And the root cause is the logical in raid456:

Reshape will reconstruct data, and data accross reshape position can't
be reachable until reshape make progress.

The point is that before c467e97f079f, data could be corrupted sliently,
because c467e97f079f fix that IO across reshape position is submitted
directly.

I'm not sure yet how to completely fix this, we can let the IO wait for
reshape(in the upper layer, wait in raid456 will deadlock) to make
progress instead of fail it directly, however, continue the reshape
relies on user, and this way IO may wait forever.

Thanks,
Kuai
> 
> [ 0:18.792] 3,6342,47220996156,-;dm-raid456: io failed across reshape
> position while reshape can't make progress
> [ 0:18.792] 3,6343,47220996182,-;Aborting journal on device dm-39-8.
> [ 0:18.792] 3,6344,47221411730,-;dm-raid456: io failed across reshape
> position while reshape can't make progress
> [ 0:18.792] 3,6345,47221411746,-;Buffer I/O error on dev dm-39, logical
> block 740, lost sync page write
> [ 0:18.792] 3,6346,47221416194,-;JBD2: I/O error when updating journal
> superblock for dm-39-8.
> 
> Does this test not fail for you? Or does it simply also fail in the 6.6
> kernel.

Yes, this test failed as well.
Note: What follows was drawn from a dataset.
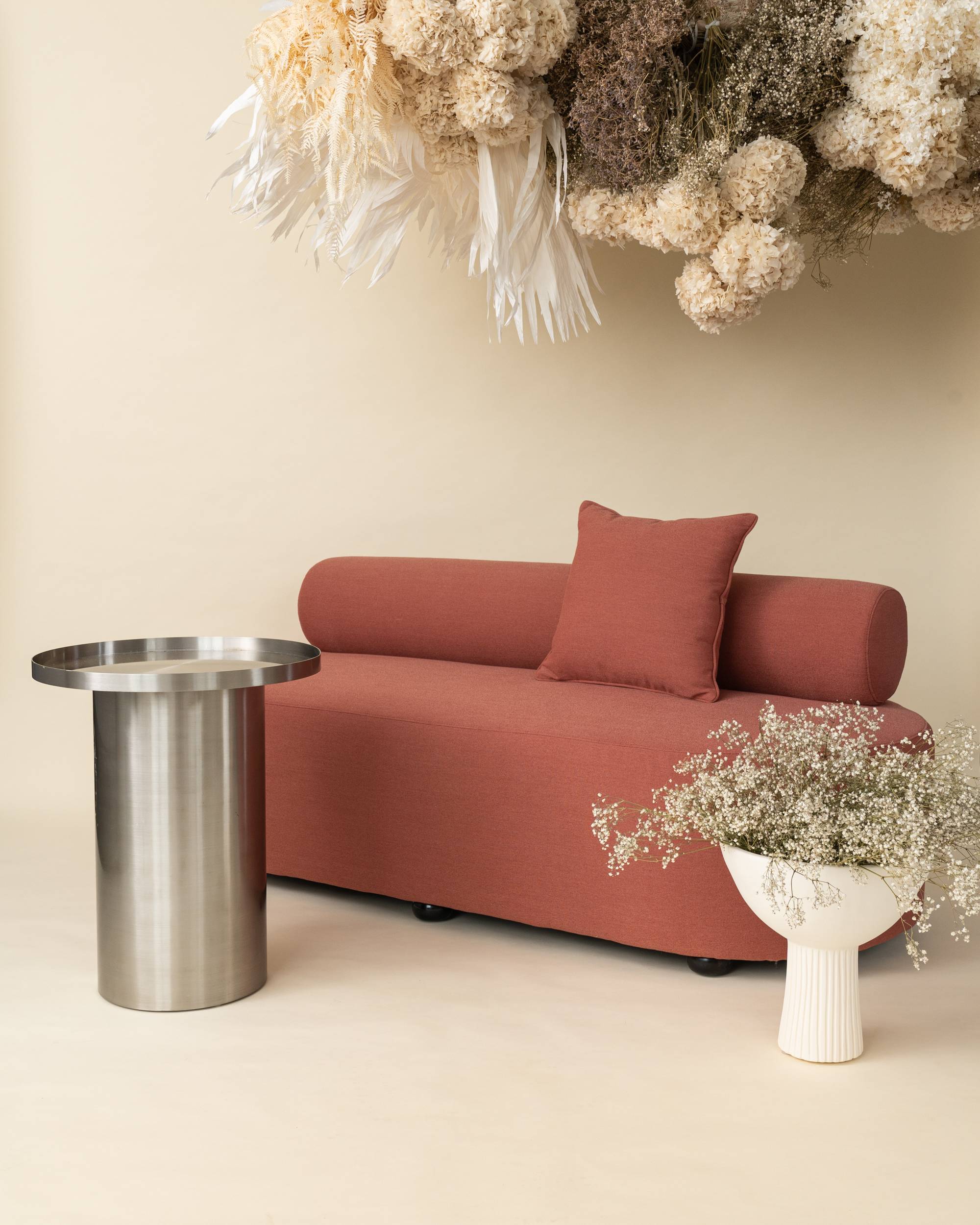 Part of our new Curve range, the Florence 3 seater sofa in Coral has a sleek circular design making it a statement piece for your next event. A matching single seater is also available.
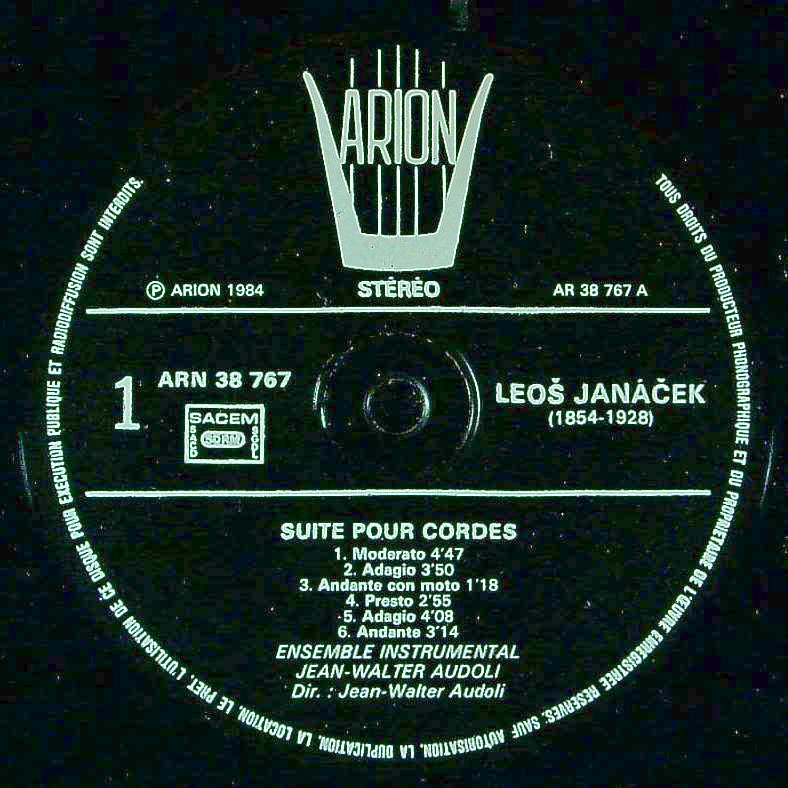 商品コード:1343-057[ARION] J.W.オードリ指揮 長沼百合子(vn) / ヤナーチェク:弦楽のための組曲(全6曲), 弦楽のための牧歌(全7曲)

And it also fail in 6.6.
> 
> -Ben
>   
>> Thanks,
>> Kuai
>>
>>>
>>> =========================================================
>>> diff --git a/drivers/md/dm-raid.c b/drivers/md/dm-raid.c
>>> index ed8c28952b14..ff481d494b04 100644
>>> --- a/drivers/md/dm-raid.c
>>> +++ b/drivers/md/dm-raid.c
>>> @@ -3345,6 +3345,14 @@ static int raid_map(struct dm_target *ti, struct bio *bio)
>>>    	return DM_MAPIO_SUBMITTED;
>>>    }
>>> +static int raid_end_io(struct dm_target *ti, struct bio *bio,
>>> +		       blk_status_t *error)
>>> +{
>>> +	if (*error != BLK_STS_IOERR || !dm_noflush_suspending(ti))
>>> +		return DM_ENDIO_DONE;
>>> +	return DM_ENDIO_REQUEUE;
>>> +}
>>
>>> +
>>>    /* Return sync state string for @state */
>>>    enum sync_state { st_frozen, st_reshape, st_resync, st_check, st_repair, st_recover, st_idle };
>>>    static const char *sync_str(enum sync_state state)
>>> @@ -4100,6 +4108,7 @@ static struct target_type raid_target = {
>>>    	.ctr = raid_ctr,
>>>    	.dtr = raid_dtr,
>>>    	.map = raid_map,
>>> +	.end_io = raid_end_io,
>>>    	.status = raid_status,
>>>    	.message = raid_message,
>>>    	.iterate_devices = raid_iterate_devices,
>>> =========================================================
>>>>
>>>>
>>>>>     md: export helpers to stop sync_thread
>>>>>     md: export helper md_is_rdwr()
>>>>>     dm-raid: really frozen sync_thread during suspend
>>>>>     md/dm-raid: don't call md_reap_sync_thread() directly
>>>>>     dm-raid: add a new helper prepare_suspend() in md_personality
>>>>>     md/raid456: fix a deadlock for dm-raid456 while io concurrent with
>>>>>       reshape
>>>>>     dm-raid: fix lockdep waring in "pers->hot_add_disk"
>>>>>     dm-raid: remove mddev_suspend/resume()
>>>>>
>>>>>    drivers/md/dm-raid.c |  78 +++++++++++++++++++--------
>>>>>    drivers/md/md.c      | 126 +++++++++++++++++++++++++++++--------------
>>>>>    drivers/md/md.h      |  16 ++++++
>>>>>    drivers/md/raid10.c  |  16 +-----
>>>>>    drivers/md/raid5.c   |  61 +++++++++++----------
>>>>>    5 files changed, 192 insertions(+), 105 deletions(-)
>>>>>
>>>>> --
>>>>> 2.39.2
>>>>>
>>>>>
>>>
>>> .
>>>
> 
> .
>